How do the estimates from `system.time()` compare to those from `bench::mark()`? Why are they different?

__[A]{.solved}__: We first microbenchmark these two expressions using `bench::mark()` [@bench] and observe that the mean is not reported (as it is generally more affected by outliers).

```{r}
n <- 1e6
x <- runif(100)

bench_df <- bench::mark(
  sqrt(x), 
  x ^ 0.5,
  iterations = n
)

bench_df
```

We need to access the raw data, so we can compare the results of both benchmarking approaches.

```{r}
t1_bench <- mean(unlist(bench_df[1, "time"]))
t2_bench <- mean(unlist(bench_df[2, "time"]))

t1_systime <- system.time(for (i in 1:n) sqrt(x)) / n
t2_systime <- system.time(for (i in 1:n) x ^ 0.5) / n
```

We see, that both approaches get the order of magnitude right. We assume, that the `bench::mark()`-results may be a little more accurate, because of its high precision timer. There may also be overhead introduced by the for loop in the `system.time()`-approach.

```{r}
# Compare the results
t1_systime["elapsed"]
t1_bench

t2_systime["elapsed"]
t2_bench
```

Side Note: take a look at `?proc.time` if you want to learn about the differences between "user", "system" and "elapsed" time.

__[Q2]{.Q}__: Here are two other ways to compute the square root of a vector. Which do you think will be fastest? Which will be slowest?
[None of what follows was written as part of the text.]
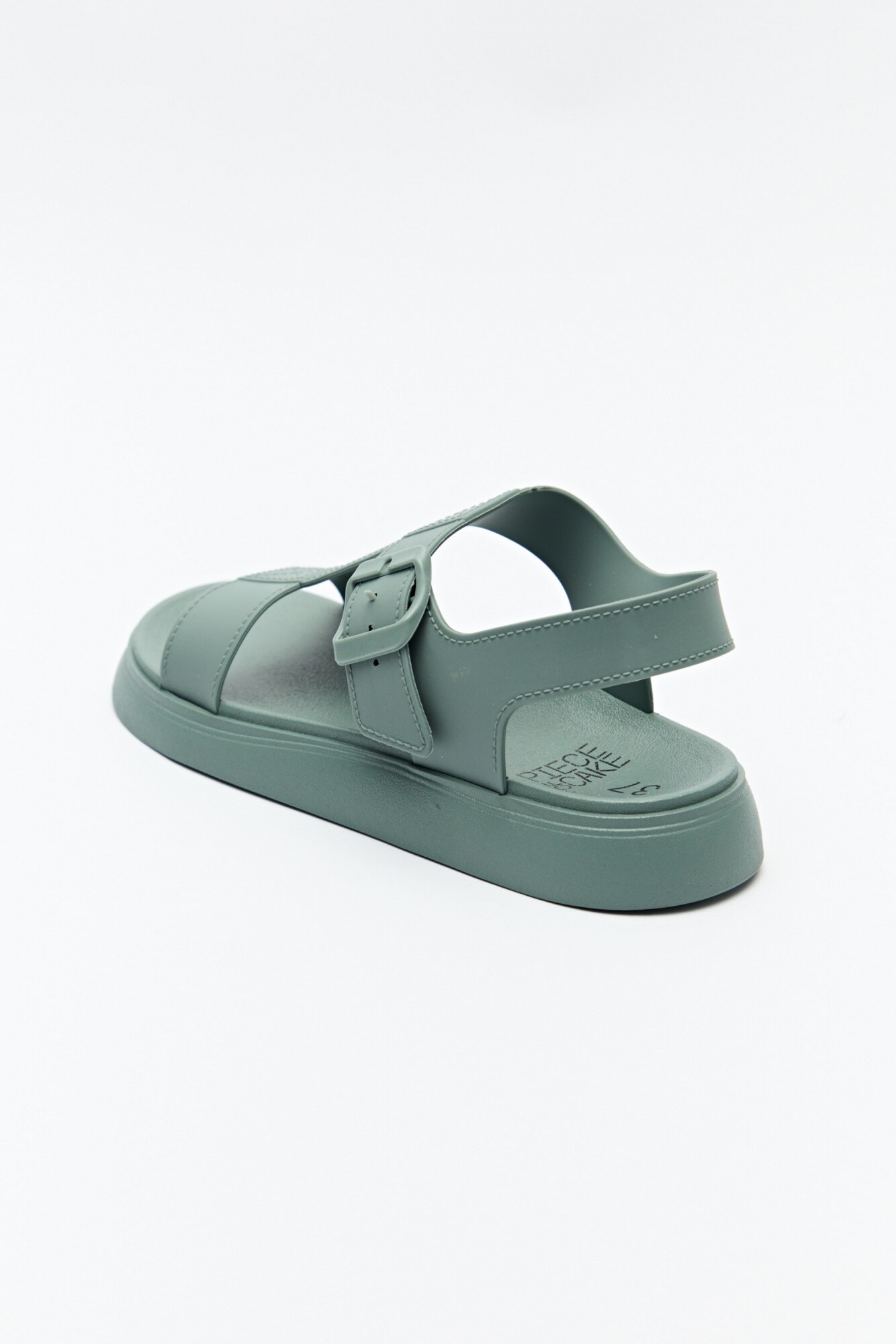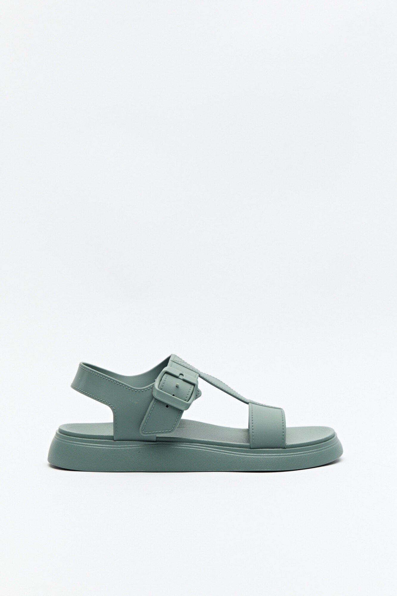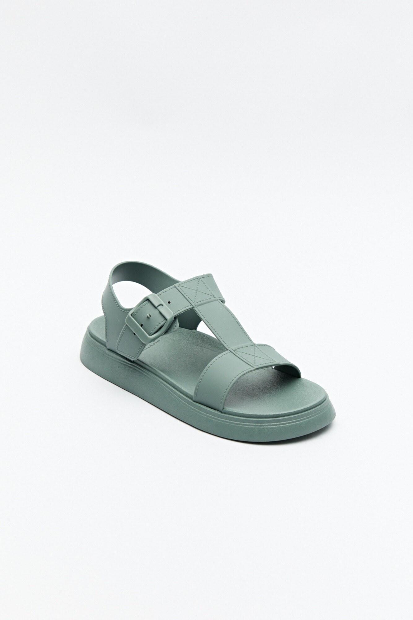 Sandalia baja con diseño de tiras anchas y hebilla lateral, ideal para un look cómodo y moderno. Su estructura liviana y base con leve plataforma aportan confort sin resignar estilo. Una opción versátil para acompañar desde looks urbanos hasta outfits más relajados.

Use microbenchmarking to test your answers.

```{r, eval = FALSE}
x ^ (1 / 2)
exp(log(x) / 2)
```

__[A]{.solved}__: To compare these approaches, we'll `bench::mark()` them and sort the result by the median execution time.

```{r}
x <- runif(100)

bm <- bench::mark(
  sqrt(x),
  x^0.5,
  x^(1 / 2),
  exp(log(x) / 2)
)

bm[order(bm$median), ]
```

As one might expect the idiomatic primitive function `sqrt()` is the fastest. The approach `exp(log(x) / 2)` which builds on two other primitive functions is second, even though already considerably slower. The other calculations are even slower: `x ^ 0.5` is faster than `x ^ (1 / 2)`, because `0.5` requires less computation than `(1 / 2)`.